Насчет Юлии Мауро тоже успокаивал его.
- Ты не дергайся, ничего с девкой не будет. Она уж о тебе и не помнит, это точно. Девки здесь в цене, так что жизнь ей всегда сберегут, будут за нее драться, как за золотник. Единственное, кому плохо - тем, кто это дело не любит, со всякими там выкрутасами арвилонскими, знаешь, чтобы не с кем попало, чтобы обстановочка там, и так далее... Но твоя-то нормальная баба. Да другие сюда и не приходят. Еще бывает плохо, если родить захочет. Здесь не дай Бог с ребенком... Некоторые в Арвилон возвращаются, если им дадут, конечно. А то бывают болваны, семьей у нас в Свободном живут. Долго это не длится, тут же найдутся какие-нибудь, мужика зарежут, а бабу, сам понимаешь, себе. Вообще они здесь не рожают, аборт сделала, и никаких проблем.

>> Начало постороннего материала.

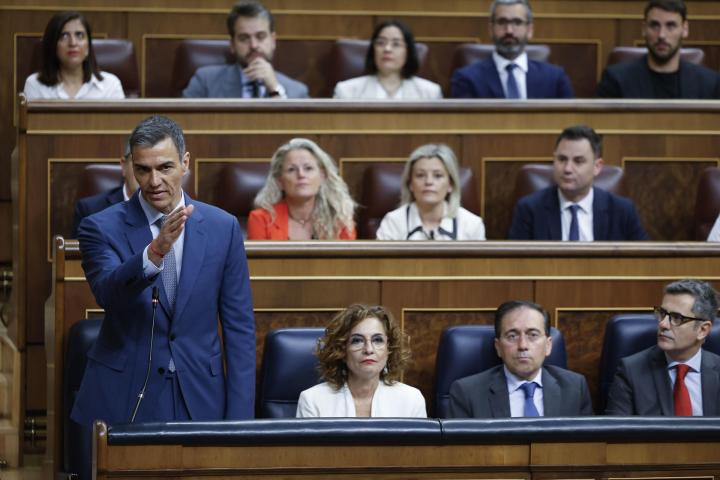 El presidente del Gobierno, Pedro Sánchez, ha defendido este miércoles que el PP "es una enciclopedia de corrupción" en su primera sesión de control al Ejecutivo después de conocerse el informe de la UCO que señala a su exsecretario de organización del PSOE, Santos Cerdán, como gestor de las mordidas obtenidas por la trama Koldo a cambio de conceder adjudicaciones de obra pública a empresas.
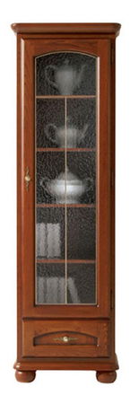 Vitrína BAWARIA DWIT 1DP s výškou 200 cm a hĺbkou 40 cm v gaštane a vlašskom orechu je úzka a vysoká, čo ju robí luxusným doplnkom pre váš obývací priestor, jedáleň alebo kanceláriu. Vitrína v archaickom štýle zdôrazňuje ozdobné prvky, ako sú zaoblené hrany, výrezy, ozdobné úchyty a široké nožičky. Môžete si do nej umiestniť vaše obľúbené knihy, dekorácie a doplnky. Vitruálnu môžete získať v lavom alebo pravom prevedení. Sektorový nábytok Bawaria je obľúbený pre svoje dekoračné prvky, ako sú hlboké výrezy v dvierkach, patinovaná mosadzná úchytová lišta, ozdobné sklo v vitrínach, hladké tvary dosiek, vlisov, soklov a nožičiek, ktoré tvoria klasický charakter nábytku. Farebné prevedenie vlašského orechu zdôrazňuje tieto dekoratívne prvky.
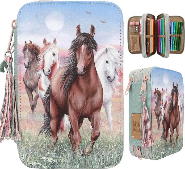 Flot penalhus i afdæpet grøn og ros har motiv af fire smukke heste i galop på en græseng fra...

В общем, жизнь в монастыре начала даже нравиться Хэллу. Мужская болтовня с Мауро как-то возмещала унизительные и даже страшные иногда беседы с наставником Леонардом. Послушники тоже производили впечатление нормальных ребят. Жили они все открыто, в одной огромной общей спальне (используемой, впрочем, только ночью, для сна). Хэлл рвал для Мауро табачные листья, когда его посылали в лес за грибами, табак рос в одном месте по дороге. Курить монахам запрещалось, но Мауро никак не мог расстаться с дурной привычкой, втихаря сушил листья, вертел самокрутки. Однажды вечером, когда Хэлл домывал посуду (в коридоре уже погасили свет, все отходили ко сну), Мауро вдруг подошел к нему сзади и цепкими руками схватил за бедра.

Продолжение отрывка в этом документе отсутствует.